Content starts

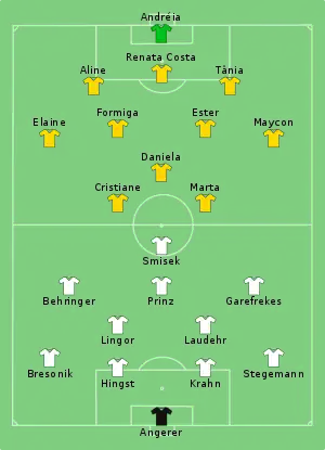 The match was between Germany, who had won the previous Women's World Cup final and Brazil, who had never won a major world title, or indeed even reached the finals of a Women's World Cup. This was the first time in the history of the Women's World Cup that a European and South American had met each other in the final. Germany had not conceded a single goal in the whole competition whereas Brazil were free-scoring. Led by striker Marta, who had scored 7 goals, Brazil had scored seventeen goals in their route to the final, including four against title-rivals United States in the semi-finals. It was considered as "the rematch of the 2002 FIFA World Cup Final", except it was the men's teams.
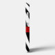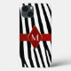 Capas de iphone de padrões de animais selvagens com padrão de zebra listrado preto e branco. Gráficos bonito de uma fita de cetim vermelha e uma placa de monograma de triângulo vermelho decoram o meio da caixa. Personalize o monograma branco de uma letra para este excelente. A maneira perfeita de proteger o seu telefone celular, e também de parecer na moda.
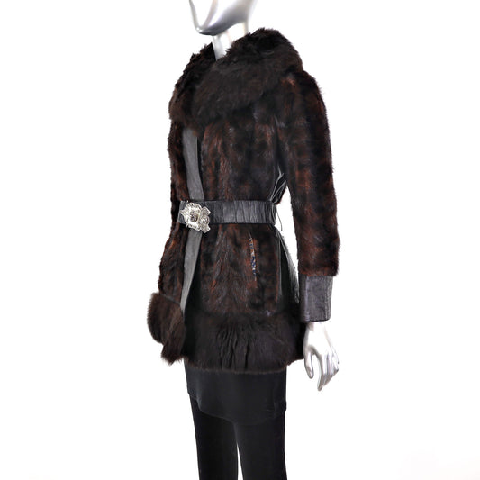 Nutria Jacket with Mink Tuxedo- Size S

Content ends

:: Task prompt ::
Using the listing above, copy every line from the line containing "Capas de iphone" through the last one, both included, and no other lines. Pictures stay out.

:: Exercise answer ::
 Capas de iphone de padrões de animais selvagens com padrão de zebra listrado preto e branco. Gráficos bonito de uma fita de cetim vermelha e uma placa de monograma de triângulo vermelho decoram o meio da caixa. Personalize o monograma branco de uma letra para este excelente. A maneira perfeita de proteger o seu telefone celular, e também de parecer na moda.
 Nutria Jacket with Mink Tuxedo- Size S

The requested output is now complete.